Modelling of spatio-dynamical systems




Complex spatial nonlinear dynamical models offer a wide range of stimulating statistical challenges with interesting and important potential implementations. The motivating application of our novel methodology lies in cell motility. The motion of migrating cells takes many different forms and is affected by a variety of factors; take, for example, the motion of immune cells within the lymphnode, or the migration of dictyostelium cells towards chemokinetically rich regions. Advances in 2p microscopy (see Figure 1 below) allow us to trace the motion of immune cells within the lymphnode of a live mouse.

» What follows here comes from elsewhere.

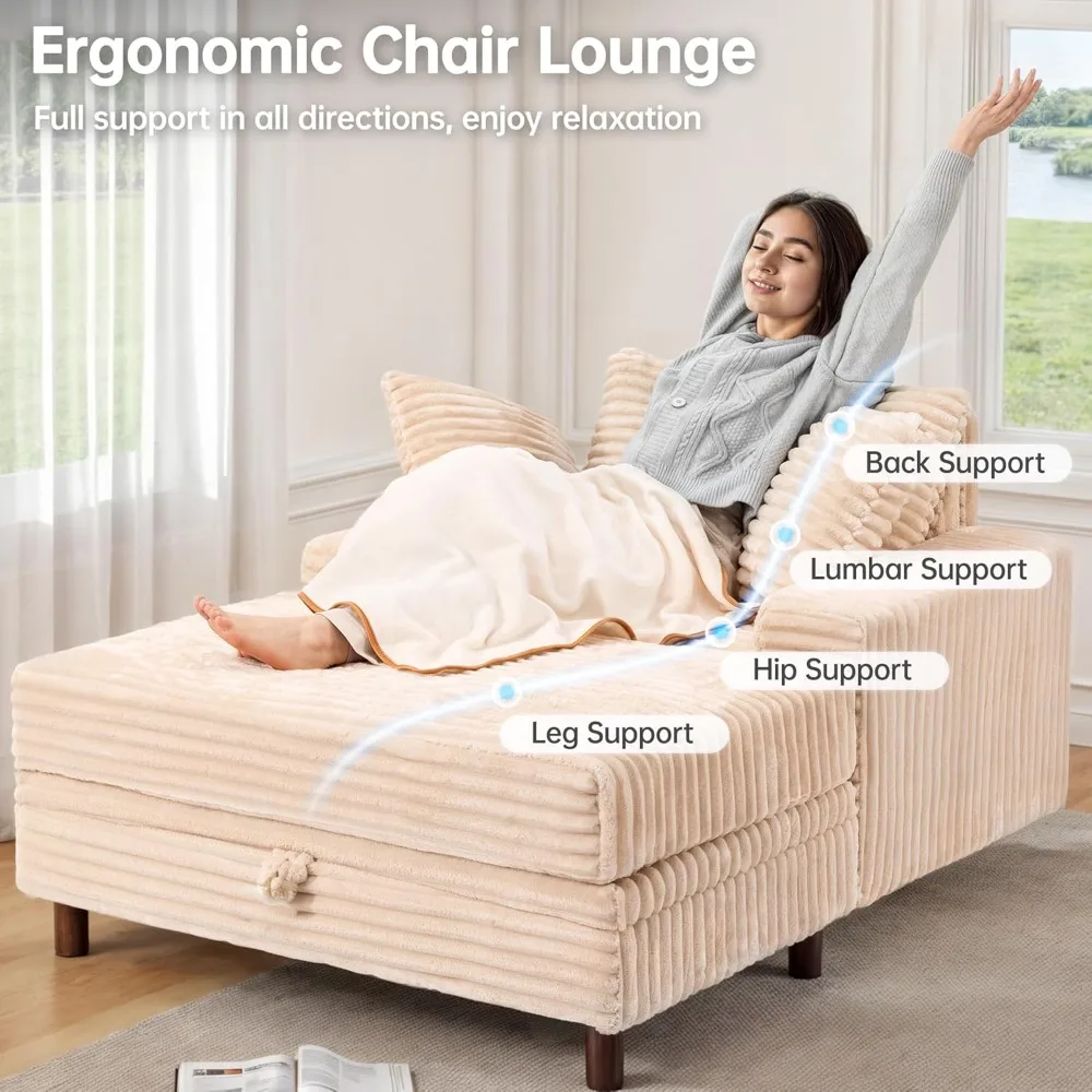 - 【Multifunctional Chaise Lounge with Storage Ottoman】: Our oversized chair with removable storage ottoman. This versatile setup can transform into a sofa chair, lounge chair indoor, and storage ottoman, allowing you to customize your setup as you please. The ottoman doubles as a hidden storage compartment, perfect for stashing toys, blankets, magazines, or everyday essentials.

Efficient immune cell migration is of paramount importance in immune defense, so understanding and characterizing cellular motion is key. We introduce a statistical model for inferring the chemokine fields that guide lymphocyte migration. We assume that cells are well-descibed by a Langevin diffusion process with a force field. Under suitable model assumptions on the underlying force field, and owing to the Markovian structure of the Langevin process, the cell trajectories follow a Gaussian distribution. Our model is consistent with a chemokine guided directive component of the collective cell motion, fitting a potential field through a radial kernel basis regression. The implied force field is then given by the gradient of the potential field. Applying our methods to 2-photon data obtained from observations in murine lymph nodes, we compare the motion of recently emigrated vs established B cells within the B cell follicle. Our Bayesian analysis provides us with estimates for the spatial structure of the potential field (see Figure 2), capturing the corresponding force fields in 3 dimensions.